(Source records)
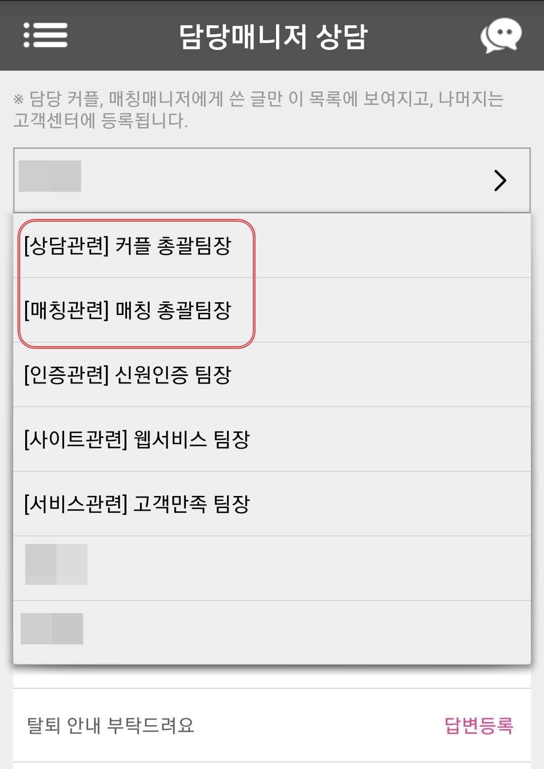 - 탈퇴 의사는 담당 매니저, 커플 총괄팀장 양쪽에 밝혀라
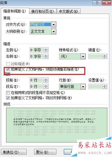 2、段落“縮進(jìn)與間距”選項(xiàng)卡中,查找“如果定義了文檔網(wǎng)格,則對齊到網(wǎng)格”,如果這一項(xiàng)前面的選框有勾選,請取消。 點(diǎn)擊“確定”。
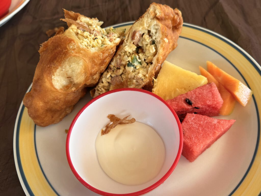Um nicht lange suchen zu müssen, begeben wir uns zum „H2V Beachfront Restaurant and Bar“, in dem wir gestern zu Abend gegessen hatten. Die Bedienung ist gerade dabei, die Tischdecken windfest auf den Tischen zu befestigen (mit Hilfe von Reißnägeln!) und Wolfgang unterstützt sie ein wenig, während wir auf unsere Rühreivariationen (als Burrito und als Fried Jack) warten. Abgesehen vom Instant-Kaffee genießen wir ein wirklich leckeres Frühstück mit frischem Obst als Beilage.
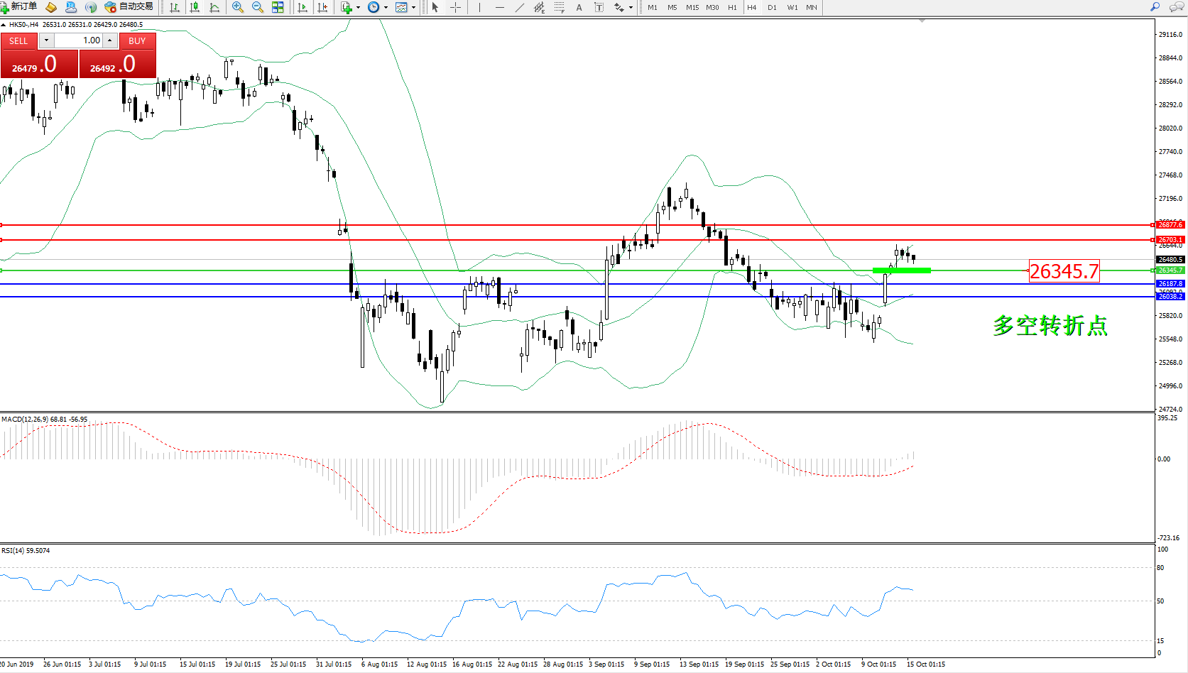 香港恒生指数10月15日(周二)收盘下跌17.92点,跌幅0.07%,报26503.93点;截至今日收盘,恒指大市成交额为756.82亿港元(上一交易日成交额为903.47亿港元)。港股早上高开87点,恒指高见26609,随后再逐步回落至倒跌,续在升跌附近横行。受益贸易关系以及中国政府多项利好政策提振下港股近期走势偏强。现外围市场大涨过后有整固需求也给恒指带来一定制约,好在十月份是三季度业绩公布密集阶段,有良好业绩支撑的企业有望给市场点燃做多动力。
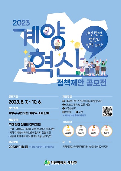 인천광역시 계양구(구청장 윤환)는 구민의 창의적인 정책 제안을 발굴하여 구정에 적극 반영하고자 “2023년 계양 혁신정책 제안 공모전”을 실시한다.

**YOUR TASK:** What is needed is an exact copy of all the entries above, minus the pictures.

**TASK SOLUTION:**
 - 탈퇴 의사는 담당 매니저, 커플 총괄팀장 양쪽에 밝혀라
 2、段落“縮進(jìn)與間距”選項(xiàng)卡中,查找“如果定義了文檔網(wǎng)格,則對齊到網(wǎng)格”,如果這一項(xiàng)前面的選框有勾選,請取消。 點(diǎn)擊“確定”。
Um nicht lange suchen zu müssen, begeben wir uns zum „H2V Beachfront Restaurant and Bar“, in dem wir gestern zu Abend gegessen hatten. Die Bedienung ist gerade dabei, die Tischdecken windfest auf den Tischen zu befestigen (mit Hilfe von Reißnägeln!) und Wolfgang unterstützt sie ein wenig, während wir auf unsere Rühreivariationen (als Burrito und als Fried Jack) warten. Abgesehen vom Instant-Kaffee genießen wir ein wirklich leckeres Frühstück mit frischem Obst als Beilage.
 香港恒生指数10月15日(周二)收盘下跌17.92点,跌幅0.07%,报26503.93点;截至今日收盘,恒指大市成交额为756.82亿港元(上一交易日成交额为903.47亿港元)。港股早上高开87点,恒指高见26609,随后再逐步回落至倒跌,续在升跌附近横行。受益贸易关系以及中国政府多项利好政策提振下港股近期走势偏强。现外围市场大涨过后有整固需求也给恒指带来一定制约,好在十月份是三季度业绩公布密集阶段,有良好业绩支撑的企业有望给市场点燃做多动力。
 인천광역시 계양구(구청장 윤환)는 구민의 창의적인 정책 제안을 발굴하여 구정에 적극 반영하고자 “2023년 계양 혁신정책 제안 공모전”을 실시한다.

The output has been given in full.